Audrey giggles, and my lips twitch.

“Just like that, Auntie Rey.” Fleur straightens up and returns to stuffing herself with pancakes.

“I think you might have a little actress in the making,” Audrey says.

“I think you might be right.” Our eldest daughter is definitely theatrical, but Melody is too. Easton loves drama as well, and I wonder if any of them, or all of them, will follow Mom and Reeve into acting.

“I’m going to be a singer,” Melody announces. “And I will sing with my daddy on every track.”

“Daddy would love that,” I say, darting down to press a kiss to her soft cheek. Both our girls have Dillon wrapped around their little fingers. He adores them as much as they adore him.

My husband is an amazing father. He somehow manages to be both playful and strict. If I want the kids to do anything, I usually have to ask repeatedly and raise my voice for anyone to take me seriously. Yet Dillon only has to say it once, in his stern disciplinarian voice, and they jump to obey. Even though he’s the fun one, I’m actually softer. Together, it works, and we get the balance right.

Or we used to.

These days, I don’t know if we’re getting much right at all.

“Mom.” Melody looks up at me with her big blue eyes, flinging her arms around my neck. “Please sing with my daddy. He loves you sooooo much, and you’re the best singer and the best mommy in the whole wide world.”

Her words bring tears to my eyes, and she can’t know how much I need to hear and feel her love.

“Do it, Mom.” Fleur clings to my arm and peers up at me with a matching pleading expression. She is the only one of my children to have my hazel eyes. The other three all have their fathers’ blue eyes.
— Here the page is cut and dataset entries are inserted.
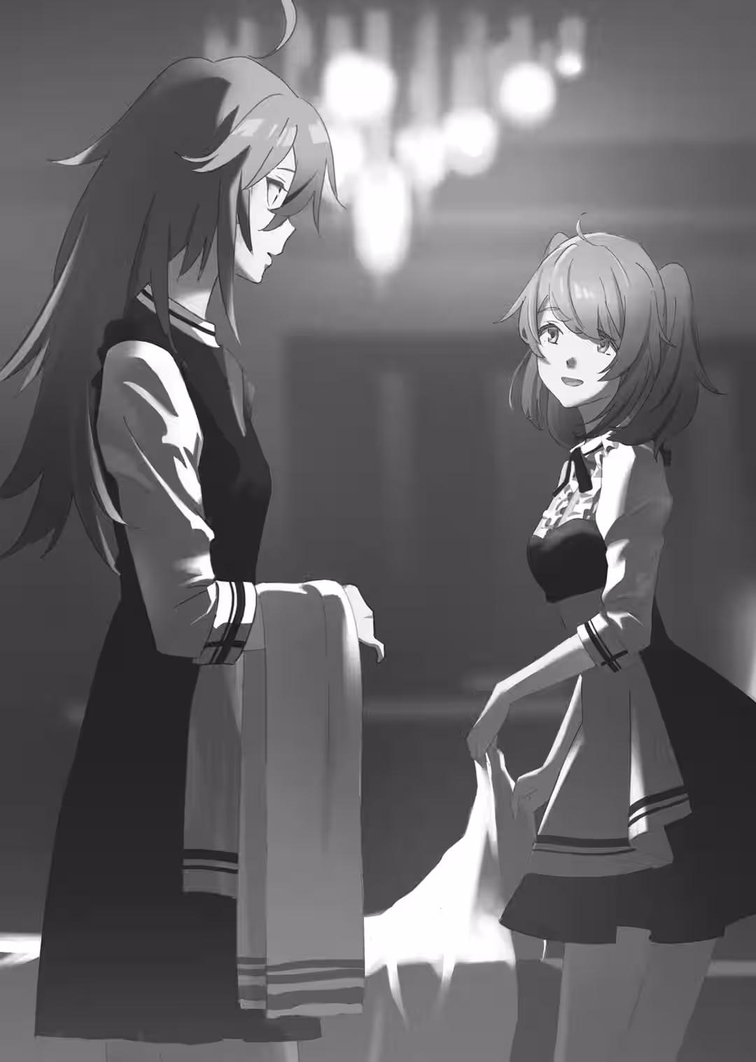 Vivy had asked because the number of people in attendance didn’t match what she had recorded last year. She had thought she’d asked an inappropriate question before Momoka’s answer, and she had been about to reexamine her calculations, but instead she smiled. “Congratulations, Kirishima-sama! And you too, Momoka.”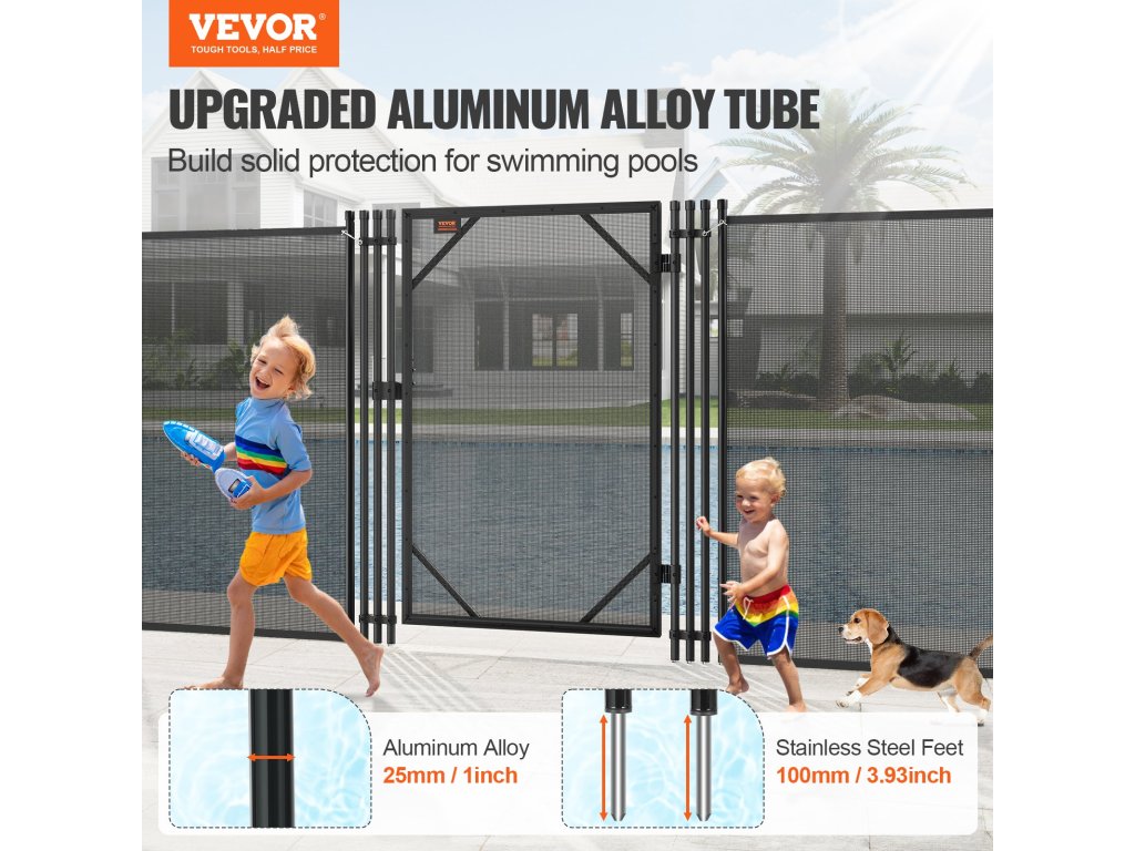 A négyszögletes alumíniumötvözetből készült csövekkel és rozsdamentes acél lábakkal megerősített medencekapunk kivételes korrózióállóságot és tartósságot garantál, és páratlan biztonságot nyújt.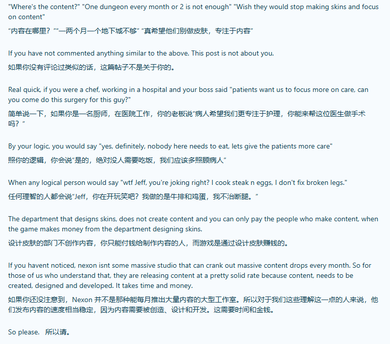 这位发文玩家表示,把皮肤更新频繁和内容开发缓慢绑定在一起,是完全没有逻辑的错误认知。他用一个形象的例子解释道:“假如你是医院食堂的厨师,老板突然让你放下手里的厨具,去给病人做一台手术,你会同意吗?”他明确指出,负责皮肤设计的团队和专注于游戏核心内容开发的团队,是两个完全独立的群体,两者的工作并不冲突,也不会互相影响。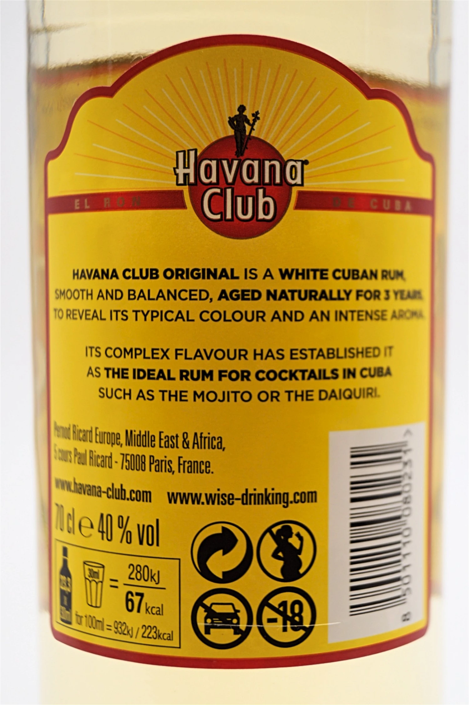 Die Frische aus der kontinuierlichen Destillation der Zuckerrohrmelasse und der Charakter aus der Reifung: eine unschlagbare Kombination! Der Havana Club 3 Años hat eine blasse, strohgoldene Farbe, die sein Alter verrät: Jeder einzelne Tropfen ist mindestens drei Jahre lang gereift. Das reichhaltige Bouquet verströmt milde Aromen mit Anklängen von Eichenholz, Melasse und Zuckerrohr. Der Geschmack ist gut ausbalanciert und komplex: süß, mild und fruchtig mit einem Anflug von Zitrusfrüchten.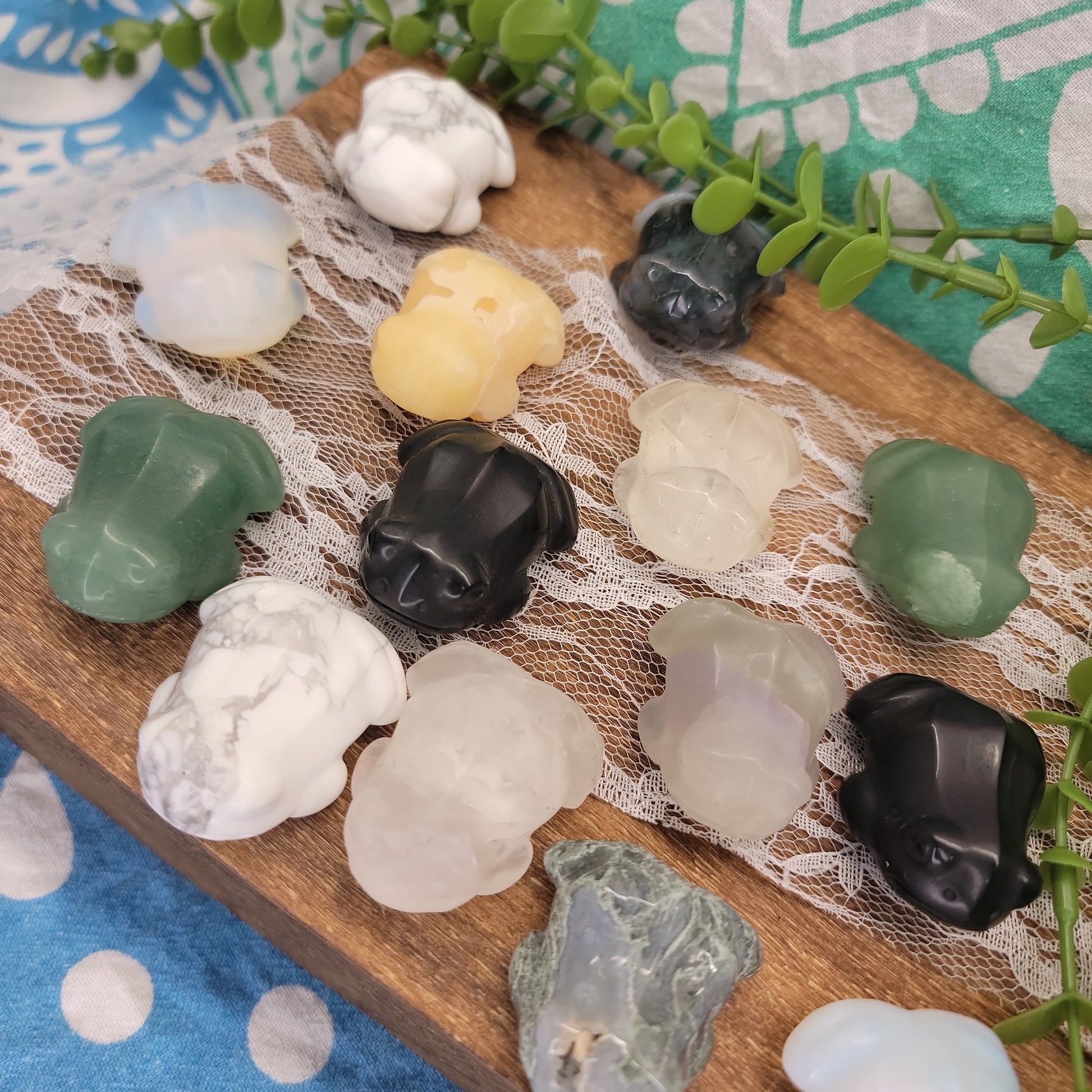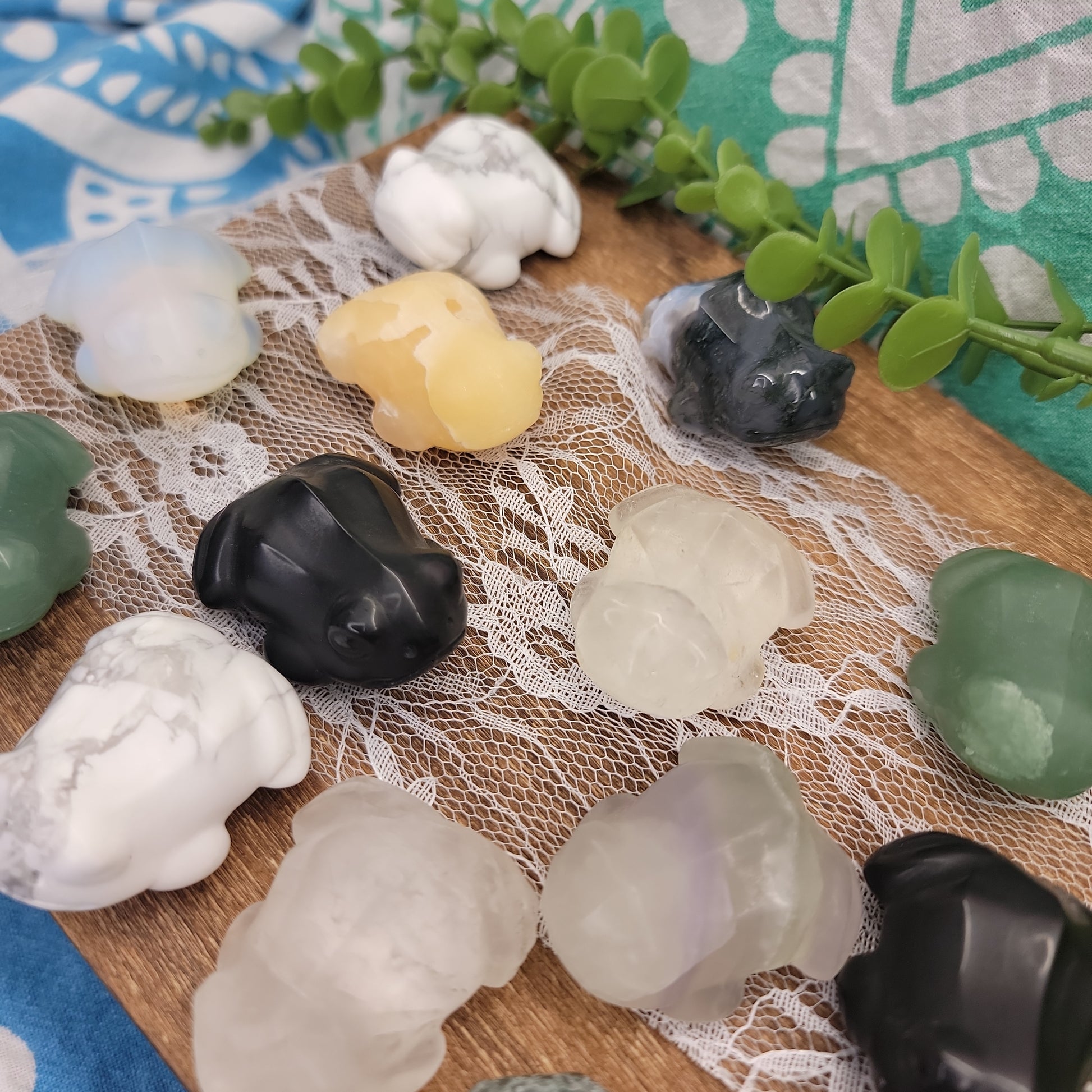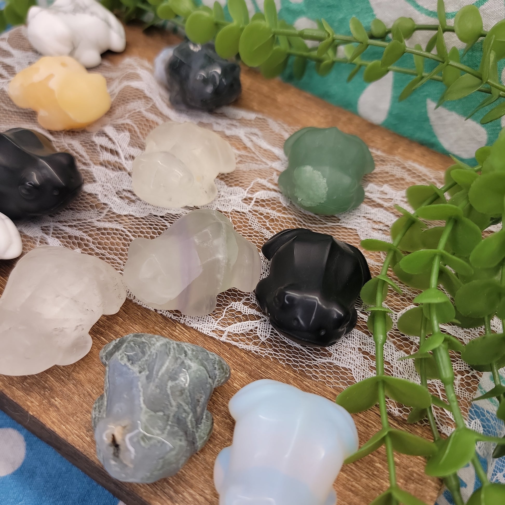 Frogs can be seen as a symbol of potential, transformation, purity, wealth, abundance, and good luck. Frog crystal carvings are available in a variety of shapes and sizes.

In the face of such devotion to Dillon and the excitement I know it will ignite, I relent. “My two princesses have convinced me.” I kiss both their cheeks. “I’ll do it. We can tell Daddy together when he gets home tonight.”

There is much celebration and cries to call Dillon and tell him immediately, but I know they are busy now that Ro is back from Ireland and they can finish the album, so I don’t want to disturb him.